Oude Testament

Nieuwe Testament

Mattheüs 22:6-22 Het Boek (HTB)

6. Weer anderen grepen de knechten van de koning en mishandelden hen. Sommigen zo erg dat ze stierven.

7. De koning was woedend. Hij stuurde zijn leger erop uit om de moordenaars te doden en hun stad plat te branden.

8. Daarna zei hij tegen zijn knechten: “Het feestmaal is klaar. Maar de mensen die ik had uitgenodigd, waren het niet waard.

9. Ga nu naar de drukste wegen en nodig iedereen uit die je daar ziet.”

10. De knechten gingen de straat op en brachten alle mensen binnen die zij konden vinden, zowel goede als slechte. Al gauw zat de feestzaal vol gasten.

11. De koning kwam binnen om de gasten te begroeten. Ineens zag hij iemand die geen feestkleding droeg.

12. “Beste vriend,” zei hij, “Hoe is het mogelijk dat u hier zonder feestkleding zit?” Maar de man had geen antwoord.

13. De koning zei tegen zijn dienaren: “Bind hem vast en gooi hem buiten in de diepste duisternis. Daar zal hij vergaan van wroeging en verdriet.”

14. Velen zijn geroepen, maar weinigen zijn uitgekozen.’

15. De Farizeeën gingen weg om te overleggen hoe zij Jezus op een woord zouden kunnen vangen.

16. Zij kwamen tot een besluit en stuurden een paar van hun leerlingen met enkele aanhangers van Herodes naar Hem toe met een vraag. ‘Meester, wij weten dat U eerlijk bent. U vertelt de waarheid over de weg naar God. Het maakt u niet uit wie U voor U hebt.

17. Nu hebben wij een vraag: is het toegestaan de keizer belasting te betalen of niet?’

18. Maar Jezus had hen wel door. ‘Stelletje huichelaars!’ zei Hij. ‘Waarom proberen jullie altijd Mij erin te laten lopen?
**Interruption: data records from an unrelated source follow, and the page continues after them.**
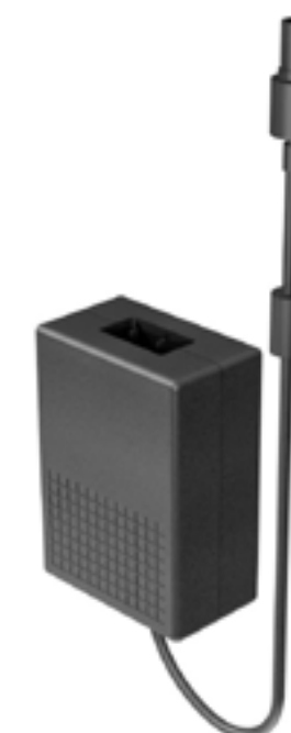
POWER SUPPLY C13/C14

Country-specific versions of the power-supply units required for E-LINE by DIRAK systems are available in the versions EU, UK and USA.
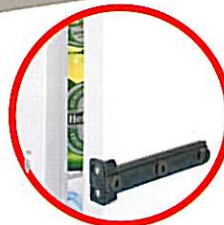
Sliding hinge fixture for built-in models
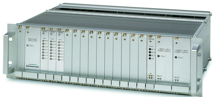
56000 Modular Time & Frequency Distribution System

Model 56000 outputs can include distributed or generated clock signals, frequencies, Network Time Protocol, and IRIG B time code. N.1 clock rate generation from 1Hz to 25MPPS in 1PPS steps is available in addition to N.8 clock rate generation from 8 KPPS to 8.192 MPPS in 8KPPS steps. Also available is a Telecommunications Interface that provides a variety of outputs and alarms common in today's telecommunications applications. The chassis is configured with front and rear plug-in cards. The front panel plug-in circuit cards perform the modular rate generation and distribution functions and are hot swappable. The rear panel interfaces are also implemented using plug-in cards with a wide variety of connector types and styles. Of the 21 card
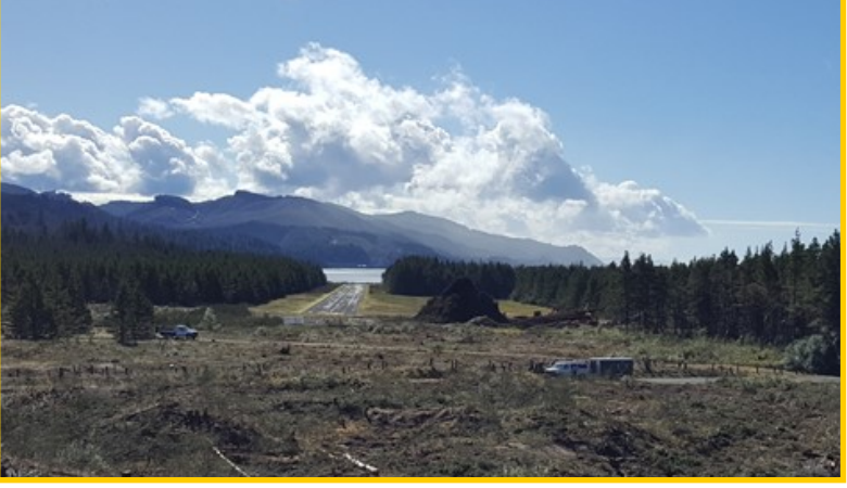
Nehalem Bay Obstruction Removal—before
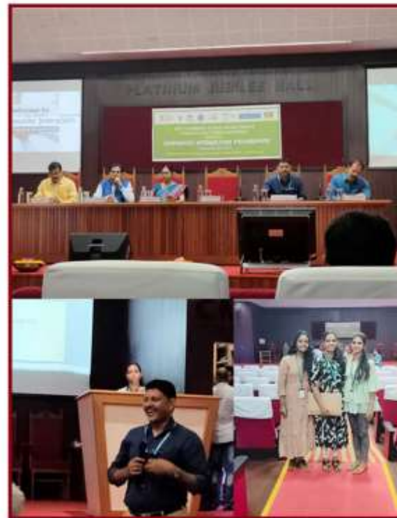
Presentation in Community Interaction Programme (20/12/19)
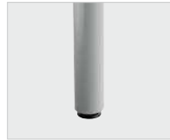
POST LEG GLIDE
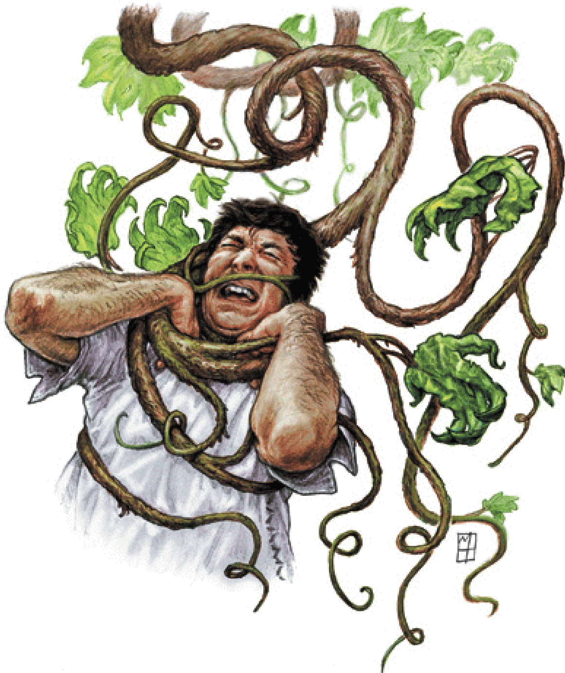
Visual Aid. Assassin Vine (Area 1).
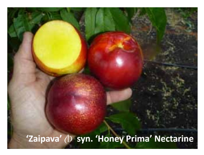
'Zaipava' (D syn. 'Honey Prima' Nectarine. Stage 2 Evaluation page 18.
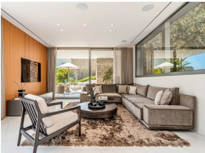
Modern living area with large window front
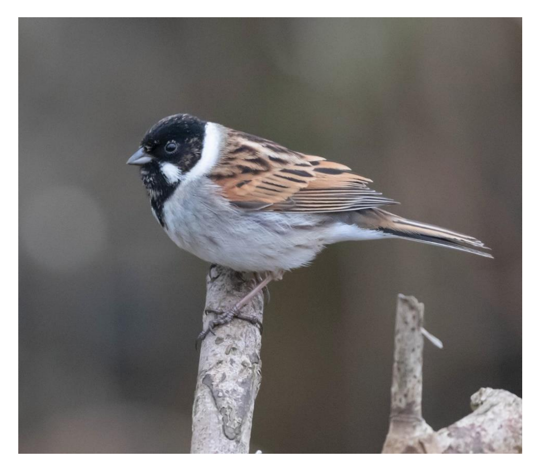
Male Reed Bunting on 10^{th} Mar

19. Geef Mij eens een geldstuk.’ Zij gaven Hem er één.

20. Hij vroeg hun: ‘Wiens portret en opschrift staan erop?’

21. ‘Van de keizer,’ antwoordden zij. ‘Wel,’ zei Hij, ‘geef dan aan de keizer wat van de keizer is en aan God wat van God is.’

22. Daar hadden zij niet van terug. Ze lieten hem met rust en gingen weg.